» WHAT TO DO
Reproduce only the lines below from the line containing "PRZEDMIOTEM SPRZEDAŻY SĄ" to the line containing "供应端,截至4月2日,据My", exactly as written, with both end lines kept. Omit the pictures.

» SOURCE RECORDS

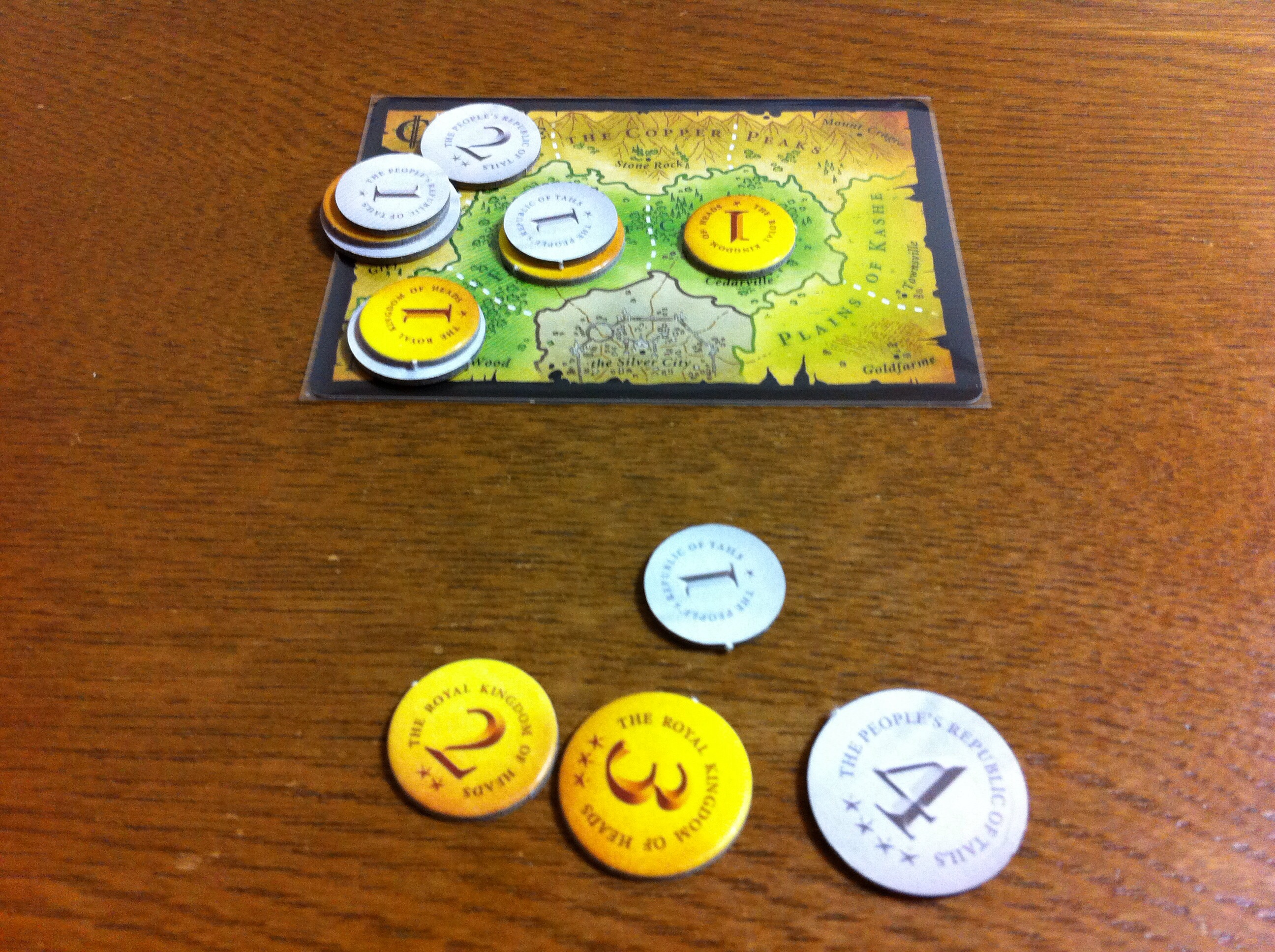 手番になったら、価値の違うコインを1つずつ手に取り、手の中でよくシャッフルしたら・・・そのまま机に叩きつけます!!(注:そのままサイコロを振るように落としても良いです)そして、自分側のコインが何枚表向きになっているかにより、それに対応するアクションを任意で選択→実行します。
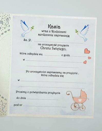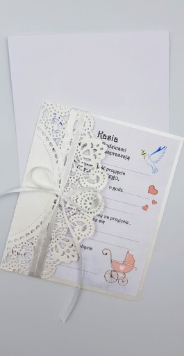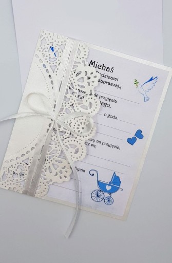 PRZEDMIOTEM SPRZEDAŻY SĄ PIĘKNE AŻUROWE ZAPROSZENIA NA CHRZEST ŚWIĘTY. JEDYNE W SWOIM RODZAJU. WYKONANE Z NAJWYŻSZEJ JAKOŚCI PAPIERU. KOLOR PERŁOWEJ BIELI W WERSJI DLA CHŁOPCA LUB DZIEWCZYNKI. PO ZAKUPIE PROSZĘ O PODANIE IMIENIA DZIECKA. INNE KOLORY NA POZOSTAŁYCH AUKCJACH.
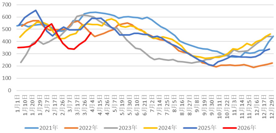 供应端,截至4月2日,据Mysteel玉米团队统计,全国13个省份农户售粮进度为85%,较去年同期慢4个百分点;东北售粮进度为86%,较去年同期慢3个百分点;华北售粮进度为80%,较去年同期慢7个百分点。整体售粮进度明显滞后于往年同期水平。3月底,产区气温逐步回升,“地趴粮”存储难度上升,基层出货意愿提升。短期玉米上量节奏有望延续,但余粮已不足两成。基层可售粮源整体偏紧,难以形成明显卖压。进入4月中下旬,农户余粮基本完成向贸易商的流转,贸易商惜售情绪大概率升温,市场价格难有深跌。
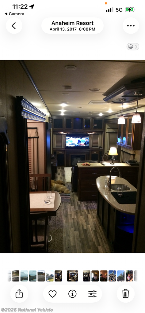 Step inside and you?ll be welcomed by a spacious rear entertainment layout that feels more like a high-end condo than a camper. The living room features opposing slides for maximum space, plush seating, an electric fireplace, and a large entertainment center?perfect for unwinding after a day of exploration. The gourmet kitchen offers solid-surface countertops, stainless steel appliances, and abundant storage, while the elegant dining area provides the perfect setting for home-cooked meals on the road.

--

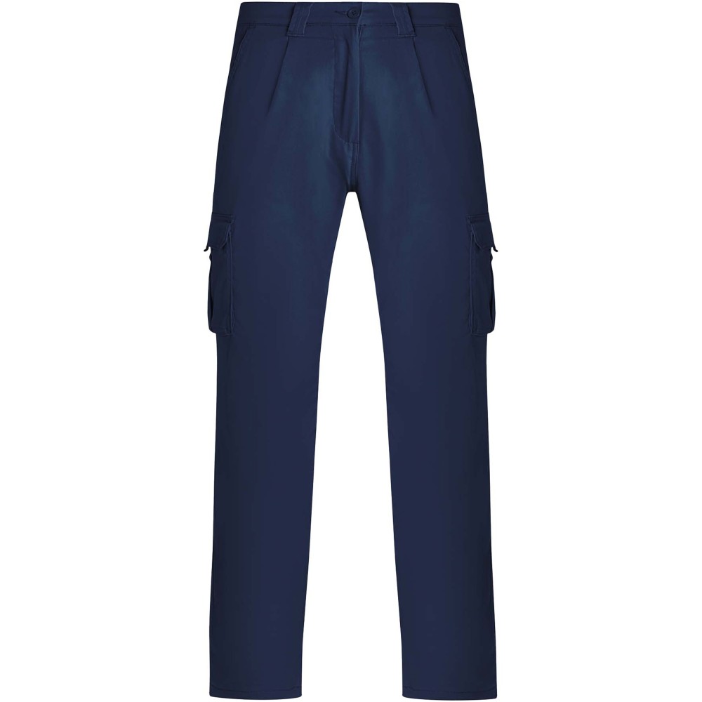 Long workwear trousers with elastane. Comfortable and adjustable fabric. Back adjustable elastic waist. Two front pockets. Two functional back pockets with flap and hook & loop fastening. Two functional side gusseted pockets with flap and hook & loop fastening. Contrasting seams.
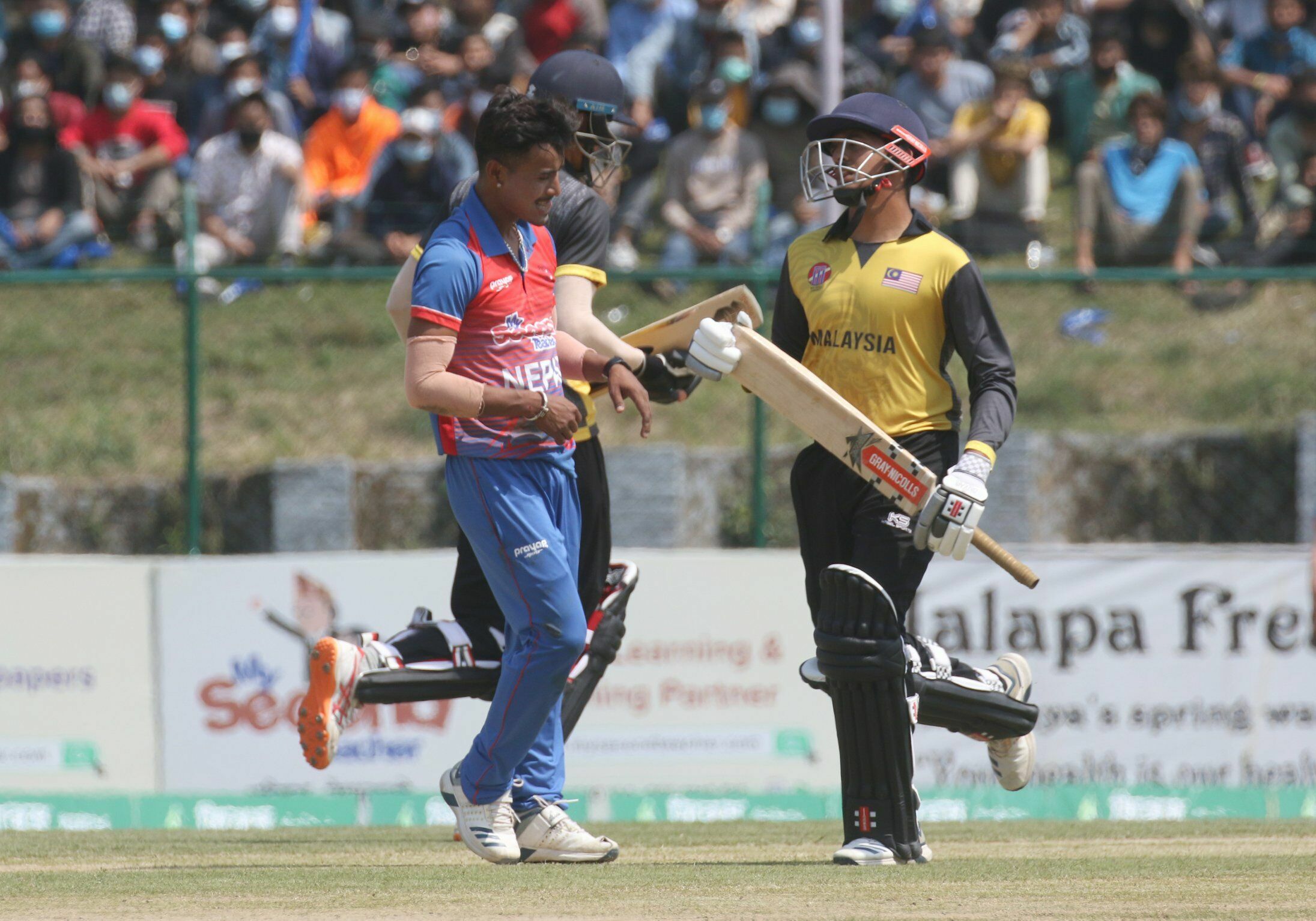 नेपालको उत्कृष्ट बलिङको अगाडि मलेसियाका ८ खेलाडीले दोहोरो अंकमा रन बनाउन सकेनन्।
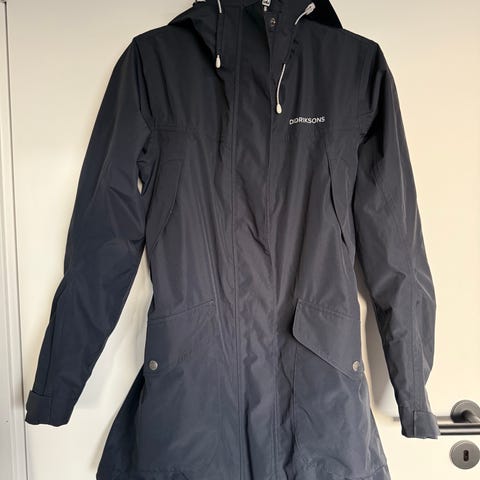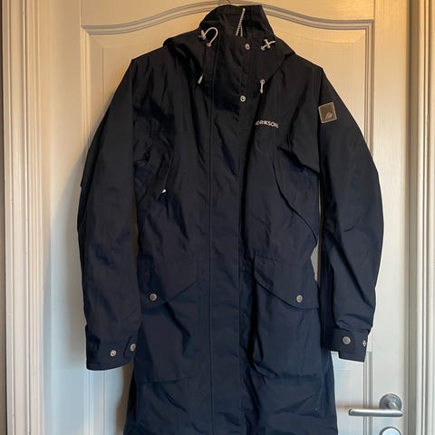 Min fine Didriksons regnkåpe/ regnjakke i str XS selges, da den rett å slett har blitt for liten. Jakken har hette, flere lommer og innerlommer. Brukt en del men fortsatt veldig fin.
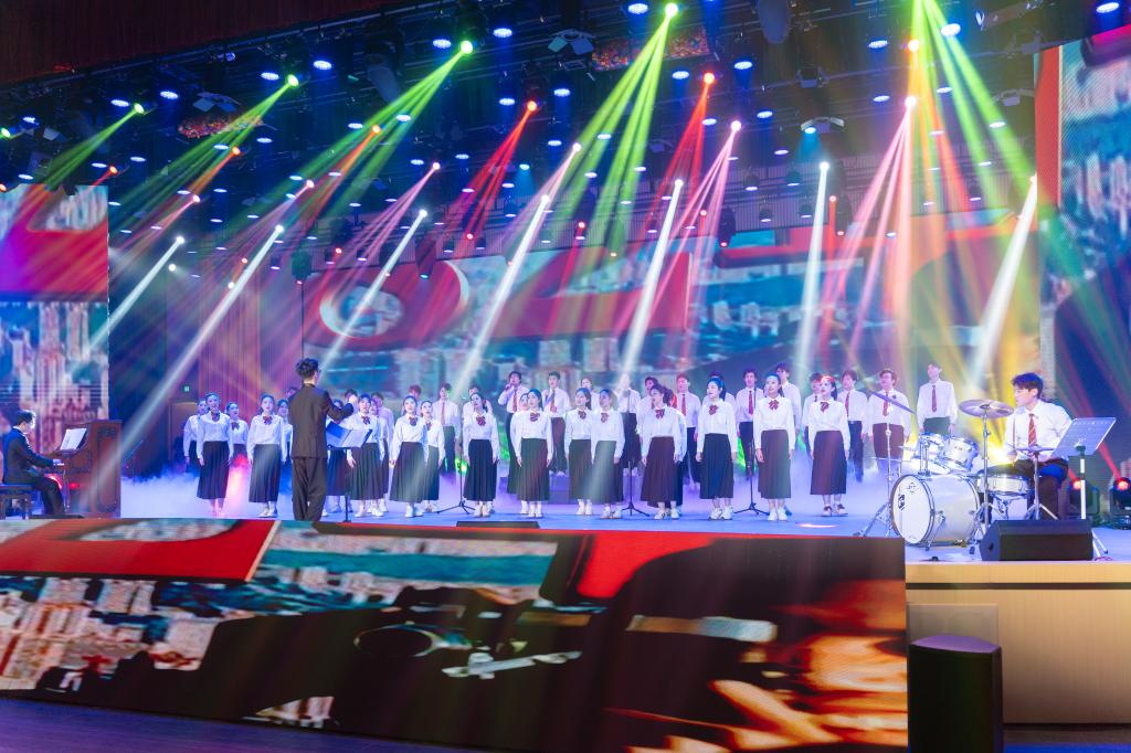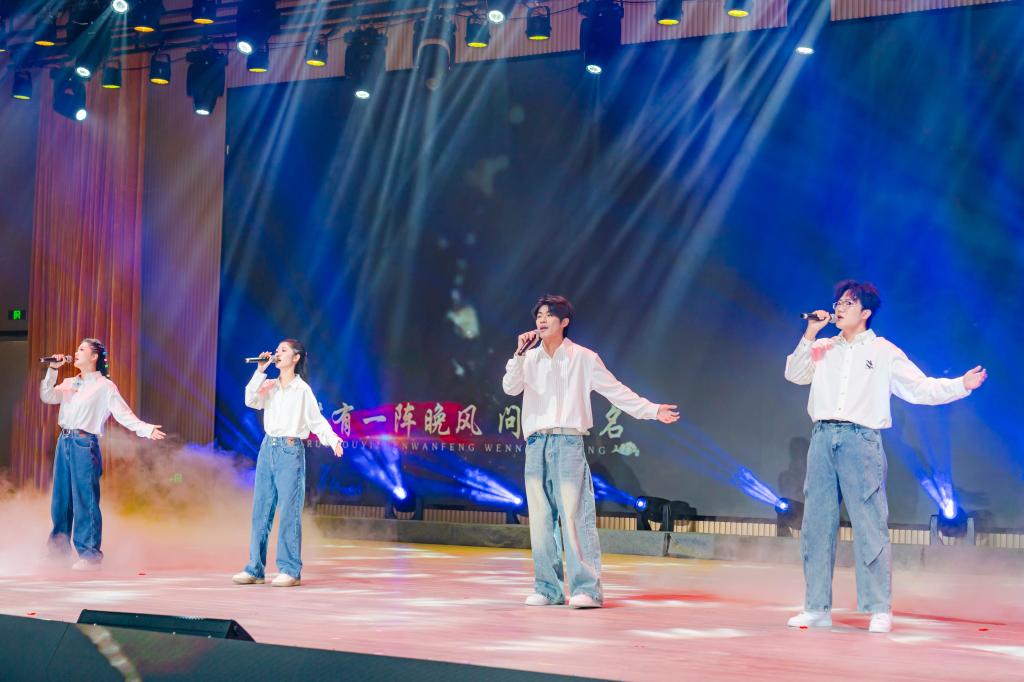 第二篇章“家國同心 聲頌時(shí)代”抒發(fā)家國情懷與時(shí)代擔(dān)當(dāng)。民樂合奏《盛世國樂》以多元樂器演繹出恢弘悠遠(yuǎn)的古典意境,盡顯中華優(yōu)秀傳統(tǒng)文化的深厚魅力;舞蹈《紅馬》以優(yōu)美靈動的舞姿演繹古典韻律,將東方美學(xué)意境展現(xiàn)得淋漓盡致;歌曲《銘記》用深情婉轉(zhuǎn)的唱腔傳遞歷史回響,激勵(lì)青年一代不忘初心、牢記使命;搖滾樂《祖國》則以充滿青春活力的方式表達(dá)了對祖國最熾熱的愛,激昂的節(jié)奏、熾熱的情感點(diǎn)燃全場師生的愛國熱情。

--

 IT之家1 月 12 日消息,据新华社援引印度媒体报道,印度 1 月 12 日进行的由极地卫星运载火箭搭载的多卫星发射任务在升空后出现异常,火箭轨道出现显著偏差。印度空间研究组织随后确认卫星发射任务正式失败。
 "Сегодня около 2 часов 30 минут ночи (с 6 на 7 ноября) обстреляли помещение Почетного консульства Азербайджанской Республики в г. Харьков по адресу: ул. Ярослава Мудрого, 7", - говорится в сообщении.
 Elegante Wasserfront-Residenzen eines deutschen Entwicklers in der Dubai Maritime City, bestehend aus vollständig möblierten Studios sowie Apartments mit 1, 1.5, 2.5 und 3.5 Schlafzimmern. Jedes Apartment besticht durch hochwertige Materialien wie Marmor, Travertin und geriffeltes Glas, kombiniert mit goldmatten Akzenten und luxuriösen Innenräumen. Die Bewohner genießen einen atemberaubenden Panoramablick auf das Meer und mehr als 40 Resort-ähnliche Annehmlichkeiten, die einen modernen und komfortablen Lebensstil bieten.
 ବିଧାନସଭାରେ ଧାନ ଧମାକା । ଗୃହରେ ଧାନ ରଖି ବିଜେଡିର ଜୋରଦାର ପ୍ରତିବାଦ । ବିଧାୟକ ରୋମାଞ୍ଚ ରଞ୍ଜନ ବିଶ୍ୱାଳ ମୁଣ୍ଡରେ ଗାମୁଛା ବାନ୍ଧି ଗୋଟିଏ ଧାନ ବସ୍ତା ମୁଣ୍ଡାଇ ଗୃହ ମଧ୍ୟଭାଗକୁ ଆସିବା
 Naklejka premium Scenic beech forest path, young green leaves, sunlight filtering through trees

» EXERCISE OUTPUT
 PRZEDMIOTEM SPRZEDAŻY SĄ PIĘKNE AŻUROWE ZAPROSZENIA NA CHRZEST ŚWIĘTY. JEDYNE W SWOIM RODZAJU. WYKONANE Z NAJWYŻSZEJ JAKOŚCI PAPIERU. KOLOR PERŁOWEJ BIELI W WERSJI DLA CHŁOPCA LUB DZIEWCZYNKI. PO ZAKUPIE PROSZĘ O PODANIE IMIENIA DZIECKA. INNE KOLORY NA POZOSTAŁYCH AUKCJACH.
 供应端,截至4月2日,据Mysteel玉米团队统计,全国13个省份农户售粮进度为85%,较去年同期慢4个百分点;东北售粮进度为86%,较去年同期慢3个百分点;华北售粮进度为80%,较去年同期慢7个百分点。整体售粮进度明显滞后于往年同期水平。3月底,产区气温逐步回升,“地趴粮”存储难度上升,基层出货意愿提升。短期玉米上量节奏有望延续,但余粮已不足两成。基层可售粮源整体偏紧,难以形成明显卖压。进入4月中下旬,农户余粮基本完成向贸易商的流转,贸易商惜售情绪大概率升温,市场价格难有深跌。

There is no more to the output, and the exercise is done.